Another difference with most implementations is that our ports are strictly typed, for the most part. A few accept packets of any type and will handle them differently, but if a packet arrives that the node can’t handle, it will likely be silently dropped. Custom packet types can be written by node-type implementations, but these will very likely not be understood by other nodes, except those also written to cooperate with this new node type. The reasoning behind the strict packet types is to be portable and scale from large systems to very small ones, where generic packet types that can accommodate any kind of information might not fit within the constraints of the system.
Probably the biggest problem we ran into when trying to write examples of FBP applications with Soletta is not adapting our thinking to how these applications should be modeled, and instead try to translate C code directly into FBP using the basic node-types we already have. This usually results in very complicated logic that tries to control when things need to happen, abusing node-types to perform operations other than the one they were created to do, which reduces the clarity of program when reading the code, and in some cases the number of nodes and connections necessary to perform a simple operation end up being more than the lines of C code that it would take to do it all by hand.
Even with the delayed sending of packets and with nodes that use the REPLACE_PACKET flag to overwrite the last value sent, depending on how the flow is written, the fact that we receive a packet on a port and immediately send a result ends up with cases where the application needs to be designed around the fact that there might be bogus or partial results arriving to a node. For example, if we expect a node to receive the sum of two values, one of which will travel through a larger branch in the network, with the way things are implemented (and having to consider implementation details is already a problem of its own), one value will reach the Sum node, the other may still be going through some intermediate node in its branch, and so the Sum node will process the value it got and emit a result. Since we will return to the mainloop after that, and before the other value arrives, that partial result will be sent before the Sum node gets the chance to get the next value and perform another send that would have overwritten that packet with the final value we were expecting.

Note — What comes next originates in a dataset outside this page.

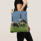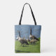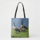 Características deste design da sacola uma foto de um número de gansos de Canadá, incluindo dois pássaros adultos e diversos ganso. Estão estando na grama verde perto da costa por alguma água cinza-azulada.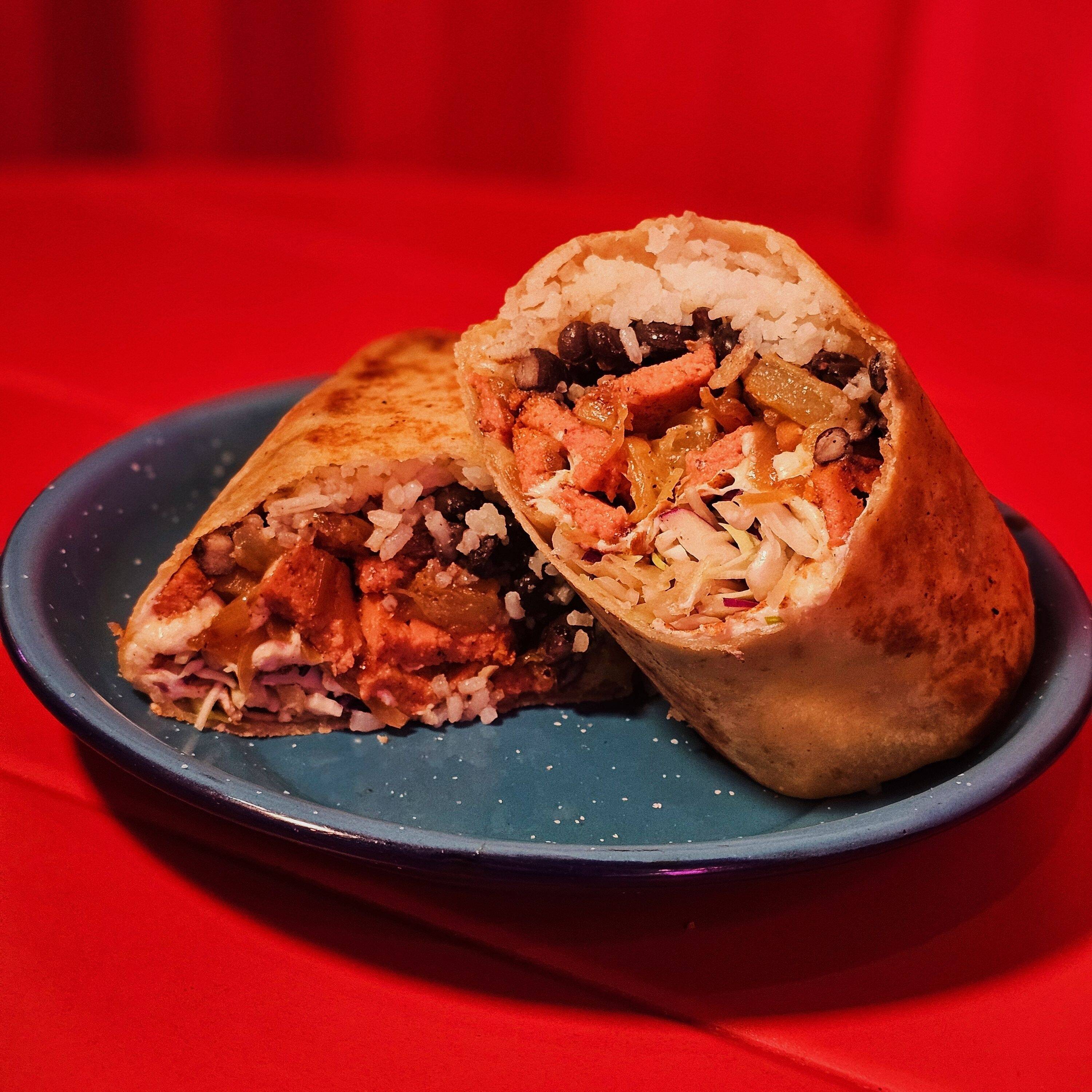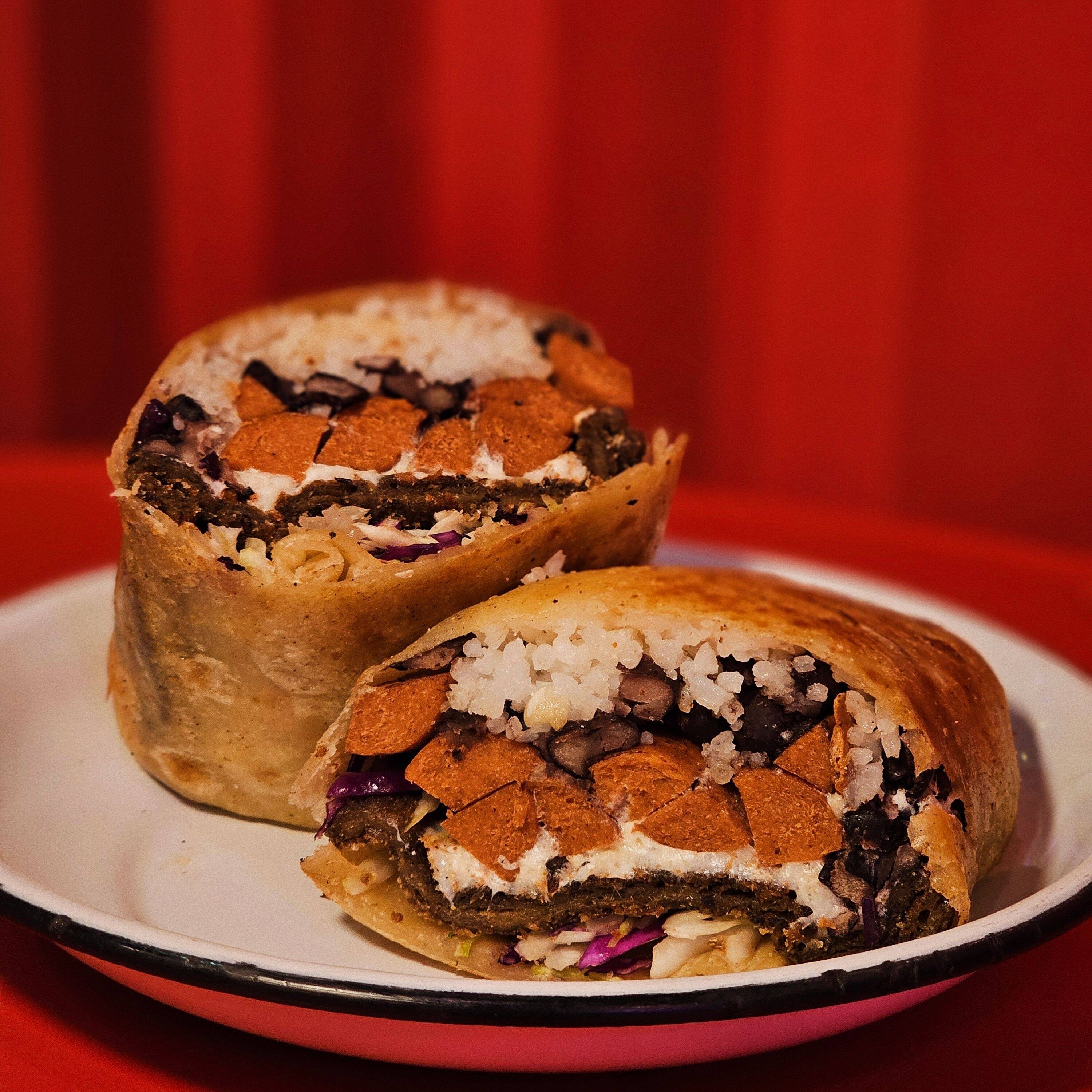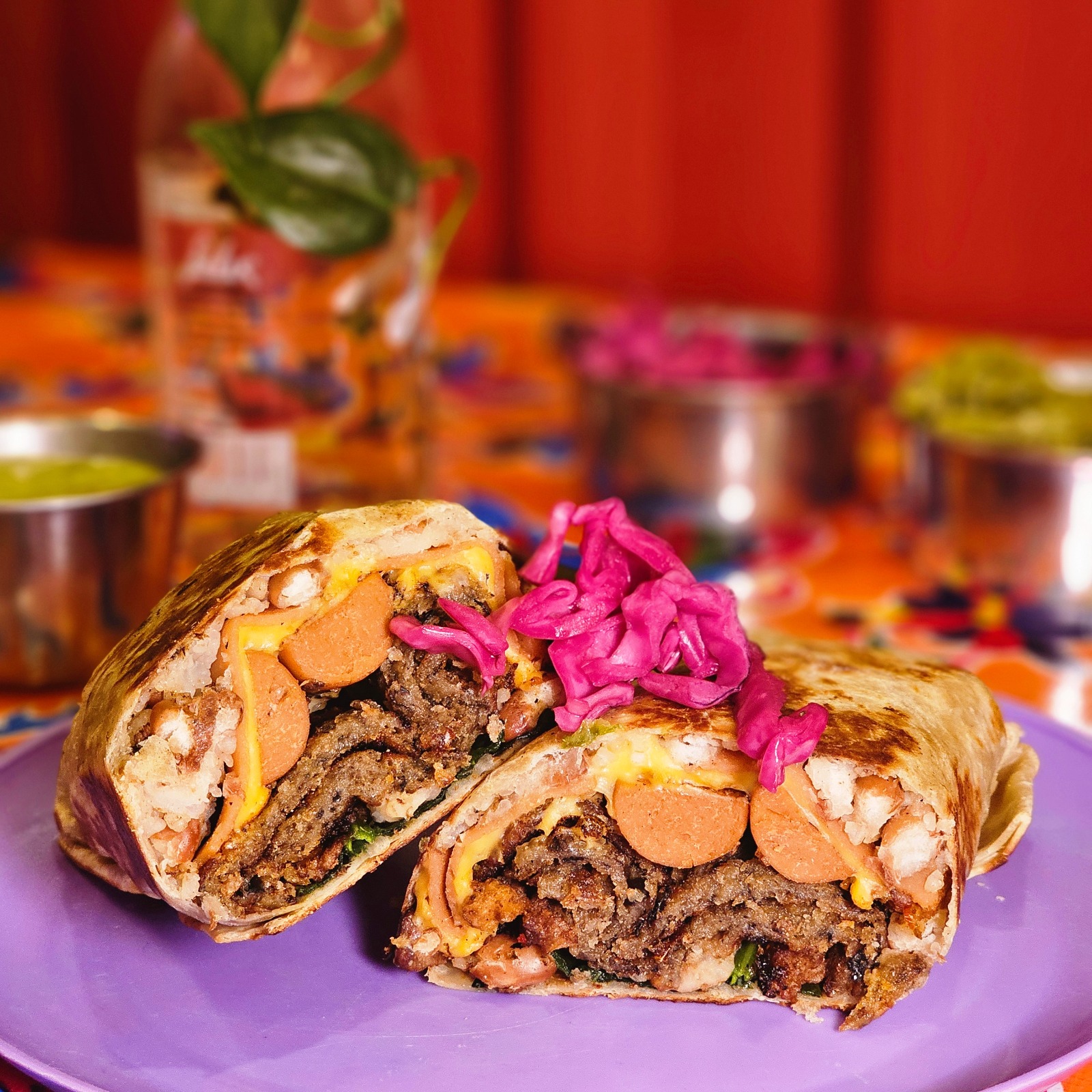 Tortilla de harina grande rellena de milanesa, salchicha, queso, frijoles negros, arroz, y col. Incluye salsa a elecciòn.

While having strict packet types and nodes that work with those specific types can be handy when we work on small environments, for some kinds of applications it ends up being more a nuisance. Even after writing custom node-types to perform the specific operations needed for the application, if a more complex data type is desired to represent the information our node needs to work with, none of the pre-made node-types available will be useful to work with packets of that type. Instead, the developers is now faced with the option of having to write several utility node-types that will understand this custom packet-type, or have converter types that can take the custom packet, extract whatever basic value needs to operate on and pass that one the nodes available off the shelf, then get the result back and apply it to the original packet to then go on processing it.